I spent almost an hour walking through an old cemetery looking at the different headstones. When I was a kid, I used to think of it as a game; trying to figure out how many years a person had lived or how old they would be if they were still alive. As an adult and a mother, though, the cemetery took on a whole new meaning.
I made it to one family plot from the late 1800s. The first headstone was for an infant that lived a day. The next was another infant that lived for five months followed by yet another infant that lived for only a day. In all, the family buried six babies, all under a year old. I stood there and wept. As the tears rolled down my face, all that I could imagine were my little boys kicking inside of me and how much I loved them even before they reached my embrace. I remembered holding each one in my arms for the first time and how tiny and perfect they were. I knew my life would never be the same; and my love would never be the same, either.
That mama felt all of those things for every single one of those babies. Each of them grew inside her womb and she loved them as only a mother could. I tried to imagine this mother and her situation. Had the babies fallen ill? Was there a fever? Was it an incurable disease? Was she unable to produce milk with no wet nurse in town? Was the baby just too weak to take another breath? With each new scenario, steady streams of tears fell down my face. I imagined the emotional hardship that this mama faced having to bury six infants. How hard had it been to hold a sick child knowing that all she could do was rock him and watch him die?
Brokenhearted, I moved to another family plot. There was a mother who buried two infants and one other child under five years old. She died at age 36, within a year of the death of her youngest child.

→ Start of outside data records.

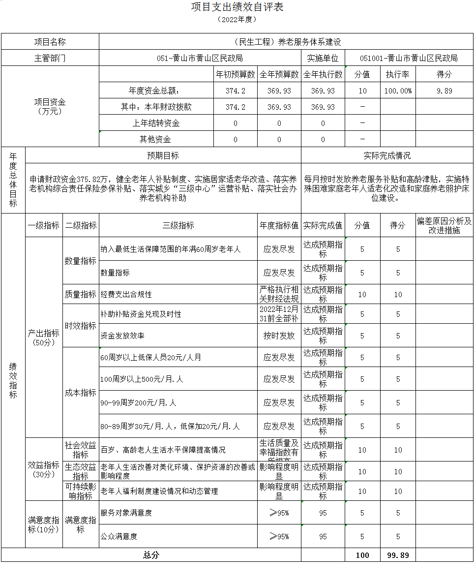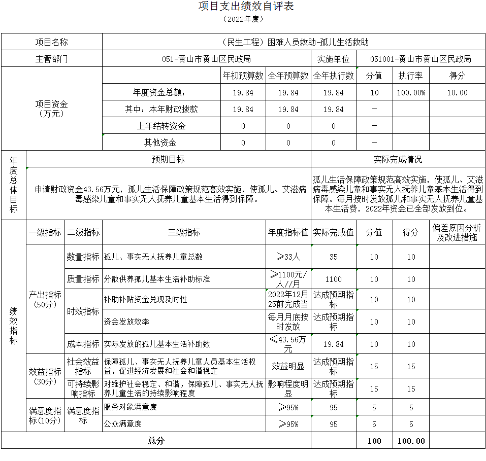 根据预算绩效管理要求,本部门组织对2022年度纳入部门预算的项目支出全面开展了绩效自评,共14个项目,涉及资金1459.42万元,占项目预算总额的100%。绩效目标和指标:黄山市居民家庭经济核对系统及黄山市社会救助综合服务平台维护项目确保了居民家庭经济核对系统及黄山市社会救助综合服务平台正常运行;低收入人口动态监测预警平台建设项目贯彻落实黄山市委办公室、黄山市政府办公室《关于改革完善社会救助制度的实施意见》,加强社会救助与巩固拓展脱贫攻坚成果同乡村振兴有效衔接,切实兜住兜牢基本民生保障底线;腾讯“为村”平台推广应用以奖代补项目推动基层社会治理由传统向现代转变,提升基层社会治理现代化水平;严重精神障碍患者监护人监护管理补贴项目,保障社会稳定、切实解决严重精神障碍患者监护困难;(需控制)黄山区殡葬管理丧葬服务经费、殡葬管理所及城区公益性公墓运转项目长期解决城区居民殡葬需求,推进节地生态,倡导移风易俗;民政业务工作经费及民政事务工作经费项目,确保了2022年度民政各项工作的正常开展,提高了运行效率;(民生工程)困难人员救助-农村居民最低生活保障项目在惠民生、解民忧、保稳定、促和谐等方面作出突出贡献,有效保障困难群众的基本生活;(民生工程)困难人员救助-五保供养及运行项目保障困难人员基本生活,维护社会和谐稳定;(民生工程)困难人员救助-重度残疾人护理补贴项目按照实际对符合条件的重度残疾人应保尽保,通过重度残疾人护理补贴项目的持续实施,改善了残疾人生活的质量、增强了残疾人生活的信心,让失去生活自理能力的残疾人感受到了党和政府的温暖关怀;(民生工程)困难人员救助-贫困残疾人生活补助项目按照实际对符合条件的困难残疾人应保尽保,改善了残疾人生活的质量、增强了残疾人生活的信心,让失去生活自理能力的残疾人感受到了党和政府的温暖关怀;(民生工程)困难人员救助-孤儿生活救助项目按照实际对符合条件的儿童应保尽保,大大缓解孤儿的生活压力提高了孤儿及事实无人扶养儿童的生活质量,保障他们生活和受教育的权益;(民生工程)养老服务体系建设项目按照实际对符合条件的老年人应保尽保,及时发放年满80周岁及以上老人高龄津贴及60周岁以上低保老人养老服务补贴,保障老年人权益,提高老年人生活质量水平;(民生工程)困难人员救助-生活无着人员救助项目确保生活无着的流浪乞讨人员不脱管、漏管,全面提升我区流浪乞讨人员救助管理服务工作水平,为建设绿色发展示范区、美丽幸福新黄山做出新的贡献。
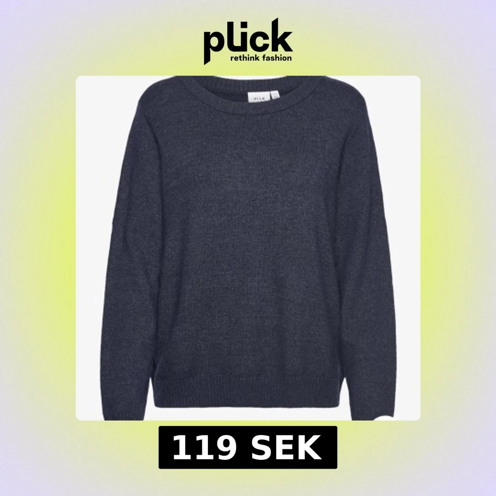 mörkblå stickad tröja från Vila. Tröjan har rund halsringning, ribbade muddar och lång ärm. Storlek XS men skulle säga att den sitter som S. Nypris 329kr, mitt pris 119kr. Skriv för fler bilder eller funderingar 💞
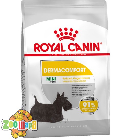 Сухой корм премиум класса Royal Canin Mini Dermacomfort - полнорационный корм для взрослых и стареющих собак пород мелких размеров (весом от 1 до 10 кг) в возрасте 10 месяцев и старше. Используется для кормления собаки при появлении раздражений и зуде кожи, связанных с повышенной чувствительностью.
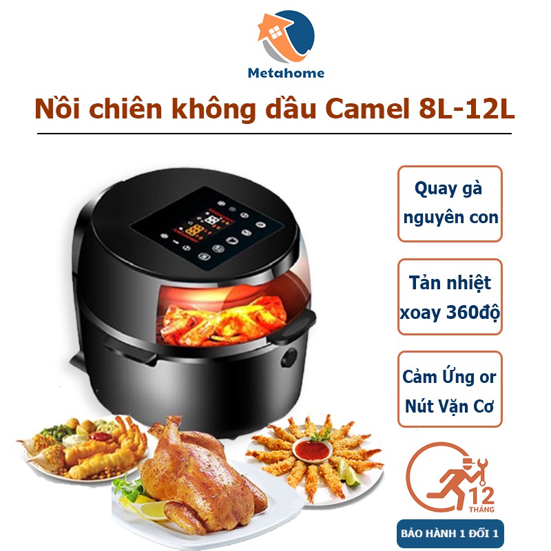 Nồi chiên không dầu Camel CHÍNH HÃNG, dung tích 8L-12L, công suất 1500W nướng nguyên con gà cực nhanh BẢO HÀNH 12 THÁNG
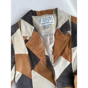 A fantastic y2k patchwork suede jacket in cream, dark brown, and tan.
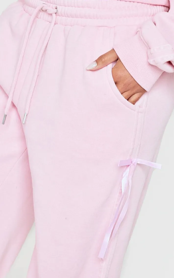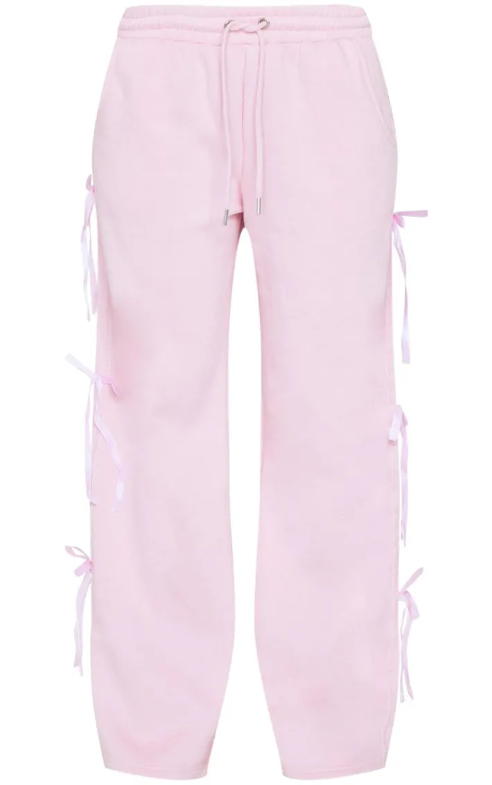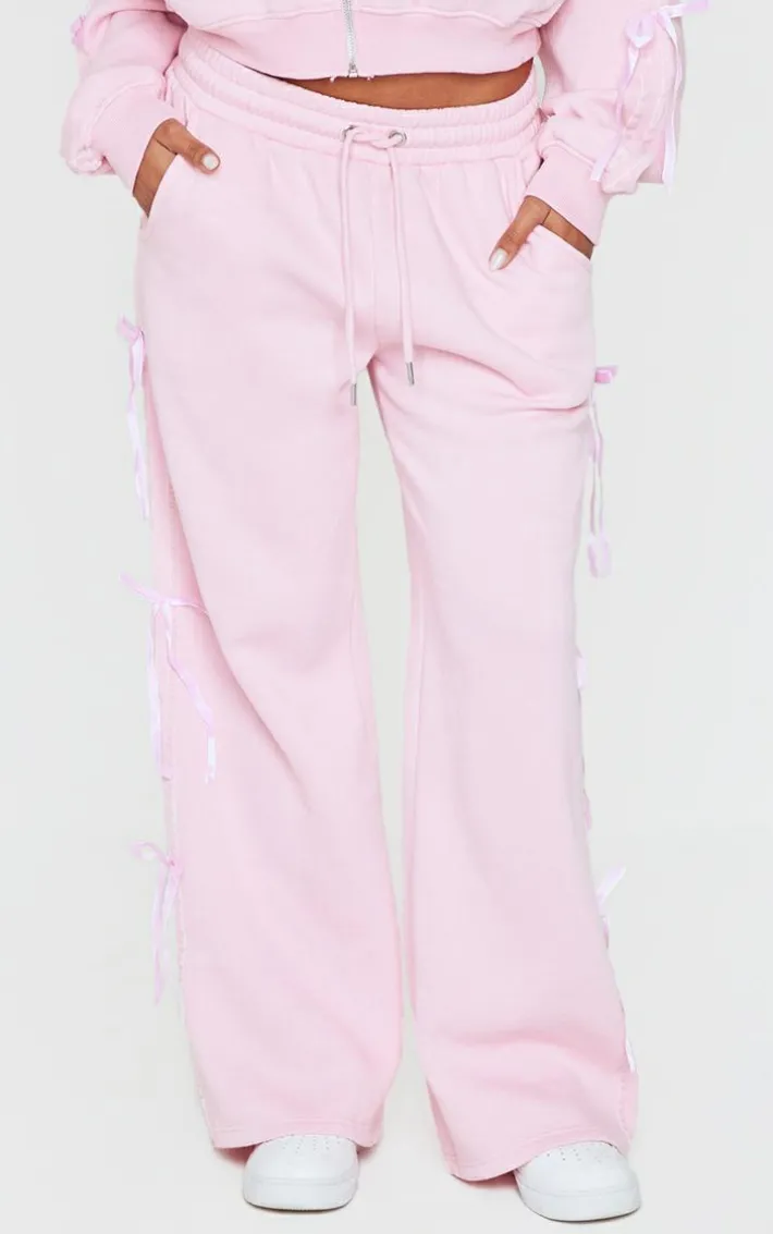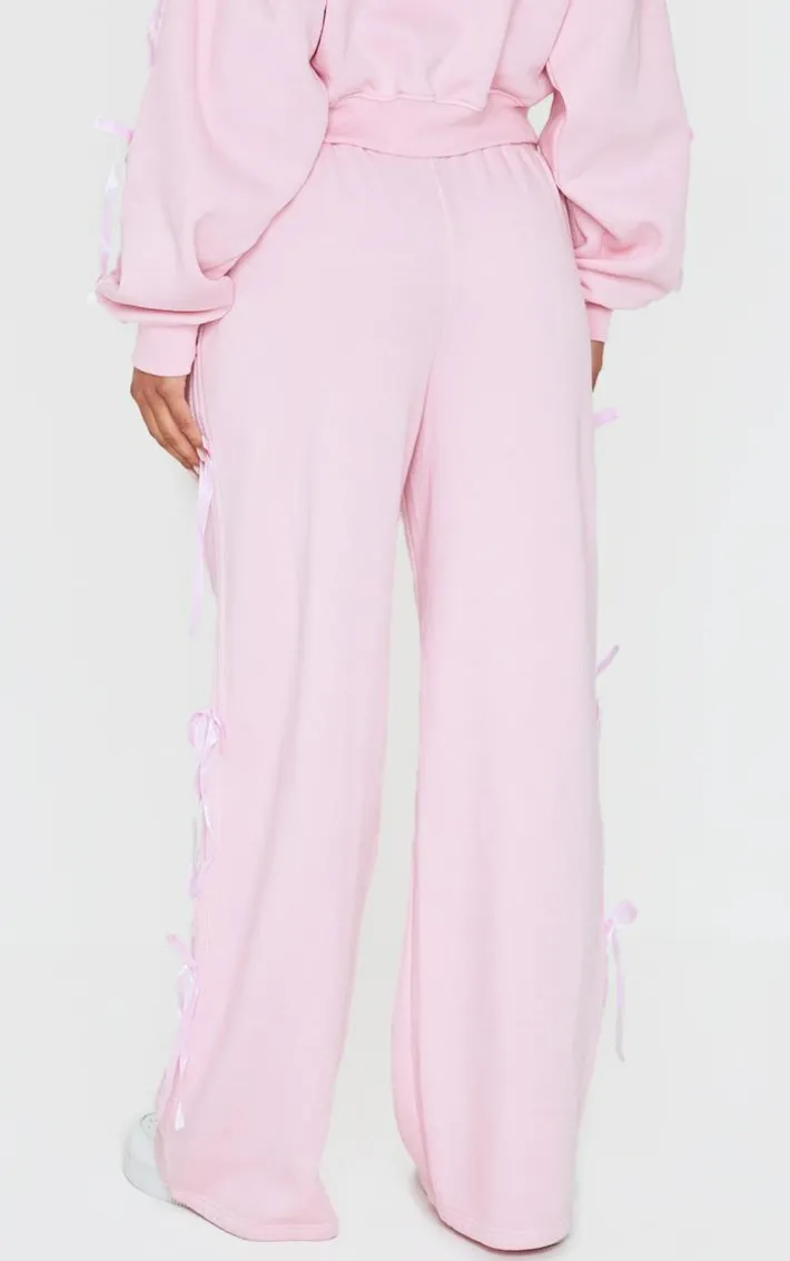Deciding what to wear on those off duty days just got easier with these baby pink velvet bow wide leg sweatpants. Brought to you in a baby pink hue velvet material with a bow detail and wide leg fit, these sweatpants are a must have. Team with the matching zip through hoodie, fresh kicks and simple accessories to elevate the look.

Did she simply die from a broken heart?
I left the cemetery that day with a new realization: life matters. Each of those graves represented someone’s life. One life. One chance to love. One chance to impact others. One dash. I won’t get the chance to meet those mamas on this side of heaven, but I’ve got the opportunity now to live my life and accompany other people on their individual journeys. I don’t have to try to imagine what it must have been like when someone went through a tragedy; I get the opportunity to hold a real hand, feel real emotions and work through real hurts on this side of eternity with people who matter.
Those grieving mamas of the past are no different than grieving mamas of the present; all of them need caring people to come alongside and hold them up. Our families matter. Our friends matter. Our communities matters. Life matters. Before it’s our time to occupy a plot of dirt, let’s be intentional and walk beside each other making the most of every opportunity.